The standard way to do linear regression is something like this:
l <- lm(Sepal.Width ~ Petal.Length + Petal.Width, data=iris)
then use predict(l, new_data)to create predictions where new_data is a data framework with columns matching the formula. But it lm()returns an object lm, which is a list containing many things that in most cases are irrelevant. This includes a copy of the source data and a bunch of named vectors and arrays of data length / size:
R> str(l)
List of 12
$ coefficients : Named num [1:3] 3.587 -0.257 0.364
..- attr(*, "names")= chr [1:3] "(Intercept)" "Petal.Length" "Petal.Width"

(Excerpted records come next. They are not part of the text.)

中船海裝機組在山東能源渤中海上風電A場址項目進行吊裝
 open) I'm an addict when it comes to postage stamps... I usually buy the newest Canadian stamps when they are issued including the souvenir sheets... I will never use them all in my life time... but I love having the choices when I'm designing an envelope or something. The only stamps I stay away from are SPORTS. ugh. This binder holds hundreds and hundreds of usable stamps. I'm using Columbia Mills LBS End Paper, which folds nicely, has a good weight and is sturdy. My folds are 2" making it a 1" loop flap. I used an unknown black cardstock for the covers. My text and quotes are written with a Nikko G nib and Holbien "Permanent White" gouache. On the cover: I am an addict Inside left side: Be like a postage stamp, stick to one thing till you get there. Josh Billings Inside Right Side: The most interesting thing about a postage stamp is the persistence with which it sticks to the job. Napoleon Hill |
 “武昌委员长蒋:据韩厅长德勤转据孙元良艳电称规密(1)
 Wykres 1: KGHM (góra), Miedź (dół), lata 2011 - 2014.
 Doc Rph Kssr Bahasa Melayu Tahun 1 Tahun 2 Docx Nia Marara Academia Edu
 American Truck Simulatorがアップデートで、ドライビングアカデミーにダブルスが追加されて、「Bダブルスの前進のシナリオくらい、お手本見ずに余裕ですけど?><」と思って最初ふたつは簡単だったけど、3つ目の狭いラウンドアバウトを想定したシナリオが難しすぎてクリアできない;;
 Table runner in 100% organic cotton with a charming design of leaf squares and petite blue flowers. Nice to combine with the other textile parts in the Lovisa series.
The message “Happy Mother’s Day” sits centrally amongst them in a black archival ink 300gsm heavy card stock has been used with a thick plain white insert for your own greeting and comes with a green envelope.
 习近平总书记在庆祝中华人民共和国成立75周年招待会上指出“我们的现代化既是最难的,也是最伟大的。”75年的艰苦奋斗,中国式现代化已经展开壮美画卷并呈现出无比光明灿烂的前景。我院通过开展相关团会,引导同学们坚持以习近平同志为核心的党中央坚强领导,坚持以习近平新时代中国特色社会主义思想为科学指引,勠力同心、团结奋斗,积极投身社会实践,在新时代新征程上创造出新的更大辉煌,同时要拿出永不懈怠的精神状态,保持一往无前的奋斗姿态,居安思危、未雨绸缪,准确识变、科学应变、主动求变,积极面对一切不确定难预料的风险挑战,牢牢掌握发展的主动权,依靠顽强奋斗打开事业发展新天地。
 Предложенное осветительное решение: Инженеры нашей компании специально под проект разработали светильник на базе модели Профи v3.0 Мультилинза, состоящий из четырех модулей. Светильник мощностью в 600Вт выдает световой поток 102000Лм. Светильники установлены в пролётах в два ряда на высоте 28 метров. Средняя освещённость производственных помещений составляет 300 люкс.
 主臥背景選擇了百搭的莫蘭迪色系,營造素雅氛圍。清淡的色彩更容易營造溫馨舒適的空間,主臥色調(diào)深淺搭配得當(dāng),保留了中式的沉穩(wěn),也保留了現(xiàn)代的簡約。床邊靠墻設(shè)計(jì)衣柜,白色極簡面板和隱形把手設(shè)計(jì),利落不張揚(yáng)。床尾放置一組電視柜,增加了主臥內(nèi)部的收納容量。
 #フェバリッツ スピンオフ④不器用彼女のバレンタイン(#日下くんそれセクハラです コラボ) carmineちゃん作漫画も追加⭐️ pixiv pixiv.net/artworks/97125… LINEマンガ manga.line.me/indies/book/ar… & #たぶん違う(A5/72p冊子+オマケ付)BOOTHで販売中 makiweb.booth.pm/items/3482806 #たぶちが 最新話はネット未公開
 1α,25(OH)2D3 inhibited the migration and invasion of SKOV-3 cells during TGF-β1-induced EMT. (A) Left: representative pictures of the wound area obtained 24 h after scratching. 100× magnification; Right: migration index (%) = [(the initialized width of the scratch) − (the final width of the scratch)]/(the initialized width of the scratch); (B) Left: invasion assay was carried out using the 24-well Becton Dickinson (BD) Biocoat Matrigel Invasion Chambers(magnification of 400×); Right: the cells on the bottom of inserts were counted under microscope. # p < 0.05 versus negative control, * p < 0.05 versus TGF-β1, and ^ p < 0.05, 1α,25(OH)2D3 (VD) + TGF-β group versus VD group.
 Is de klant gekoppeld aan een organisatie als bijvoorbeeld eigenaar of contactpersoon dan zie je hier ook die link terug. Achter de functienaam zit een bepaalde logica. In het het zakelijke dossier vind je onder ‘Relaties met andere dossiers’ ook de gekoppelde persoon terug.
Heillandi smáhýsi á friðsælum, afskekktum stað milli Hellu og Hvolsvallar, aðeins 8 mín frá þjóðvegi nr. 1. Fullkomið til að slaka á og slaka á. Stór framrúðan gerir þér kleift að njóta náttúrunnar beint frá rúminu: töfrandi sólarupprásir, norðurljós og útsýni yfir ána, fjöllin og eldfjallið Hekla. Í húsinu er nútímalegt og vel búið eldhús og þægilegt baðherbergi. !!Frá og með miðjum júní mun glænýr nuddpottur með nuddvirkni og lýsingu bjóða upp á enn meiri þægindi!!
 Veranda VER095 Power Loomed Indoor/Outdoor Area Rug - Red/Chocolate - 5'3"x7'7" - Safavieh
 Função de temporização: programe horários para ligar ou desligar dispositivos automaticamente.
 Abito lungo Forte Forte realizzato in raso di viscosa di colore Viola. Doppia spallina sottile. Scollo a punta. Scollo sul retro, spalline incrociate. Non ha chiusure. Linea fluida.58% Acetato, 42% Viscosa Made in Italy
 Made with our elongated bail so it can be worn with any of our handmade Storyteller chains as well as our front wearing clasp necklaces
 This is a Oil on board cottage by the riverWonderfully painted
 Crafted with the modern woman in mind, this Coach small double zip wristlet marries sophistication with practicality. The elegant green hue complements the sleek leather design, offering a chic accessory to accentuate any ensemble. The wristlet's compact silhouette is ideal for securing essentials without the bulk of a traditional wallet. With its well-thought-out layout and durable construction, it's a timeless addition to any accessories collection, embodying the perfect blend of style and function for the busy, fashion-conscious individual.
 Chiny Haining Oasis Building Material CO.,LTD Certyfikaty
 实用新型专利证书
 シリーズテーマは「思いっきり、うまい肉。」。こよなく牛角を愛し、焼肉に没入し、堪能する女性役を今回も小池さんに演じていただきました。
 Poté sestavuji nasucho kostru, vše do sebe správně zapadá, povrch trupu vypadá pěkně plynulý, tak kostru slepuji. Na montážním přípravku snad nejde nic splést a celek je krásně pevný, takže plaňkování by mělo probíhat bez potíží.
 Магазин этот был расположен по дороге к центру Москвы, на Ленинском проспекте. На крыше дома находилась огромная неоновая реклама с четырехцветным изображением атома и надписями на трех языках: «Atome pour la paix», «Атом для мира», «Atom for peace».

$ residuals : Named num [1:150] 0.2 -0.3 -0.126 -0.174 0.3 ...
..- attr(*, "names")= chr [1:150] "1" "2" "3" "4" ...
$ effects : Named num [1:150] -37.445 -2.279 -0.914 -0.164 0.313 ...
..- attr(*, "names")= chr [1:150] "(Intercept)" "Petal.Length" "Petal.Width" "" ...
$ rank : int 3
$ fitted.values: Named num [1:150] 3.3 3.3 3.33 3.27 3.3 ...
..- attr(*, "names")= chr [1:150] "1" "2" "3" "4" ...
$ assign : int [1:3] 0 1 2
$ qr :List of 5
..$ qr : num [1:150, 1:3] -12.2474 0.0816 0.0816 0.0816 0.0816 ...
.. ..- attr(*, "dimnames")=List of 2
.. .. ..$ : chr [1:150] "1" "2" "3" "4" ...
.. .. ..$ : chr [1:3] "(Intercept)" "Petal.Length" "Petal.Width"
.. ..- attr(*, "assign")= int [1:3] 0 1 2
..$ qraux: num [1:3] 1.08 1.1 1.01
..$ pivot: int [1:3] 1 2 3
..$ tol : num 1e-07
..$ rank : int 3
..- attr(*, "class")= chr "qr"
$ df.residual : int 147
$ xlevels : Named list()
$ call : language lm(formula = Sepal.Width ~ Petal.Length + Petal.Width, data = iris)
$ terms :Classes 'terms', 'formula' length 3 Sepal.Width ~ Petal.Length + Petal.Width
.. ..- attr(*, "variables")= language list(Sepal.Width, Petal.Length, Petal.Width)
.. ..- attr(*, "factors")= int [1:3, 1:2] 0 1 0 0 0 1
.. .. ..- attr(*, "dimnames")=List of 2
.. .. .. ..$ : chr [1:3] "Sepal.Width" "Petal.Length" "Petal.Width"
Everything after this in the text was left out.